▶ [WHAT YOU NEED TO DO]
Starting at the line that contains "Evaluación médico post-incendio.", transcribe each line through the end of the material below, exactly and nothing else, leaving out the pictures.

▶ [DATA UNDER STUDY]
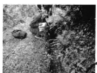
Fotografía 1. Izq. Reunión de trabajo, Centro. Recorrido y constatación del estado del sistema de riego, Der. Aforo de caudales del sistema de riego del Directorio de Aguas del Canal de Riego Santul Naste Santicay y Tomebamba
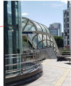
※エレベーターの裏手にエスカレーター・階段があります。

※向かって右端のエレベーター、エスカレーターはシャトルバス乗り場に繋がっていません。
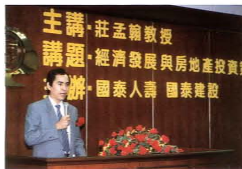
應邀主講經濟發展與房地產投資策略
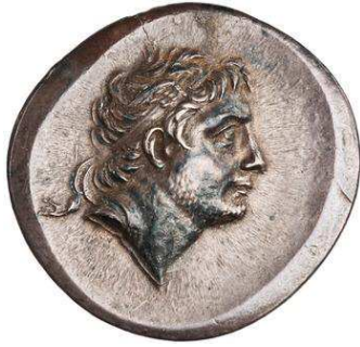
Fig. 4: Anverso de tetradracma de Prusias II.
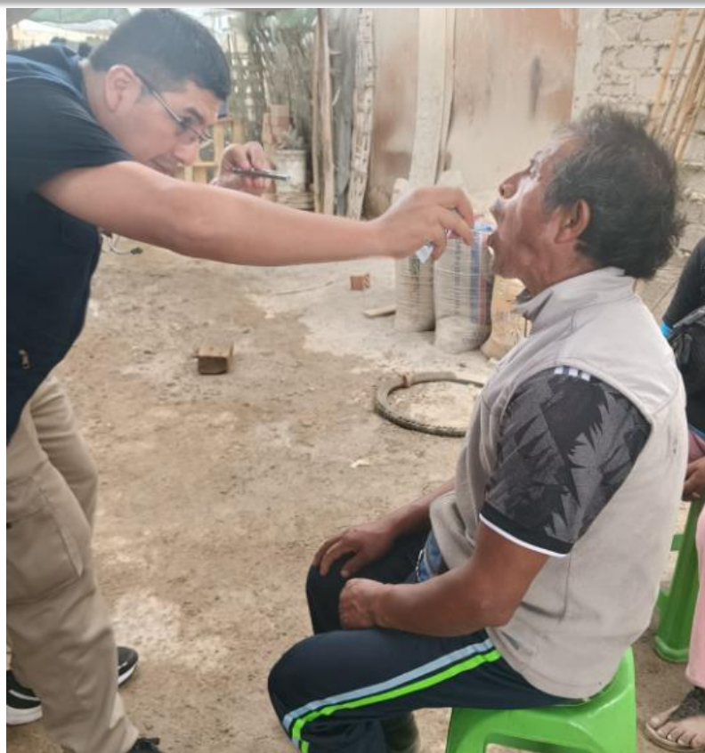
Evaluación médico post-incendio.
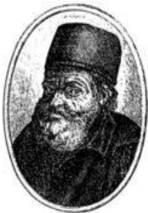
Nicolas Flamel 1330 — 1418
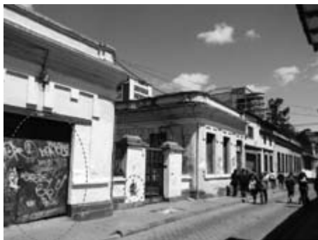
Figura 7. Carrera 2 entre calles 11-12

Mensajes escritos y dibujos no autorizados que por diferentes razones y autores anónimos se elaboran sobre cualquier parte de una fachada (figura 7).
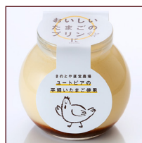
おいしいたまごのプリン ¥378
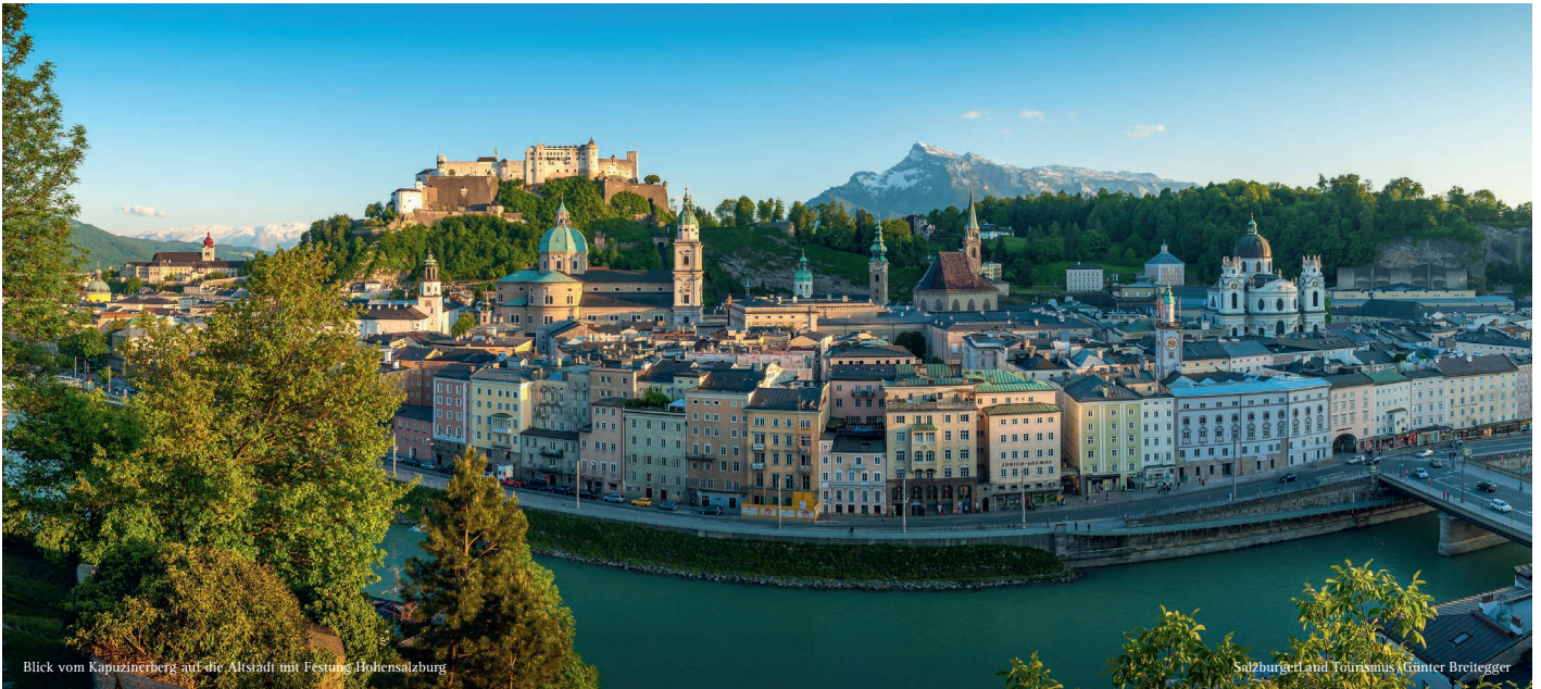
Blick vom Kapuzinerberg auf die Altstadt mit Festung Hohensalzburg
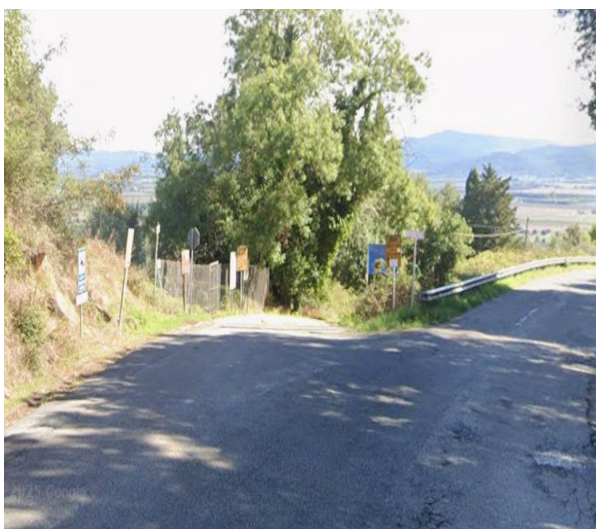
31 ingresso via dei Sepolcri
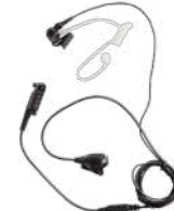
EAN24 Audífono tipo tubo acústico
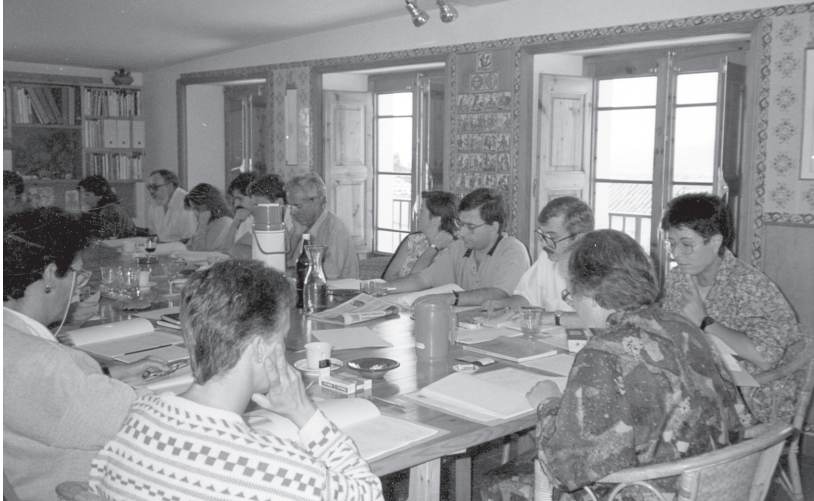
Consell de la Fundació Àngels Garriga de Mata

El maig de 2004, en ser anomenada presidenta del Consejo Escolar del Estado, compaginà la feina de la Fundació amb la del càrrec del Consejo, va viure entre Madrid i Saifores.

▶ [TASK ANSWER]
Evaluación médico post-incendio.
Nicolas Flamel 1330 — 1418
Figura 7. Carrera 2 entre calles 11-12

Mensajes escritos y dibujos no autorizados que por diferentes razones y autores anónimos se elaboran sobre cualquier parte de una fachada (figura 7).
おいしいたまごのプリン ¥378
Blick vom Kapuzinerberg auf die Altstadt mit Festung Hohensalzburg
31 ingresso via dei Sepolcri
EAN24 Audífono tipo tubo acústico
Consell de la Fundació Àngels Garriga de Mata

El maig de 2004, en ser anomenada presidenta del Consejo Escolar del Estado, compaginà la feina de la Fundació amb la del càrrec del Consejo, va viure entre Madrid i Saifores.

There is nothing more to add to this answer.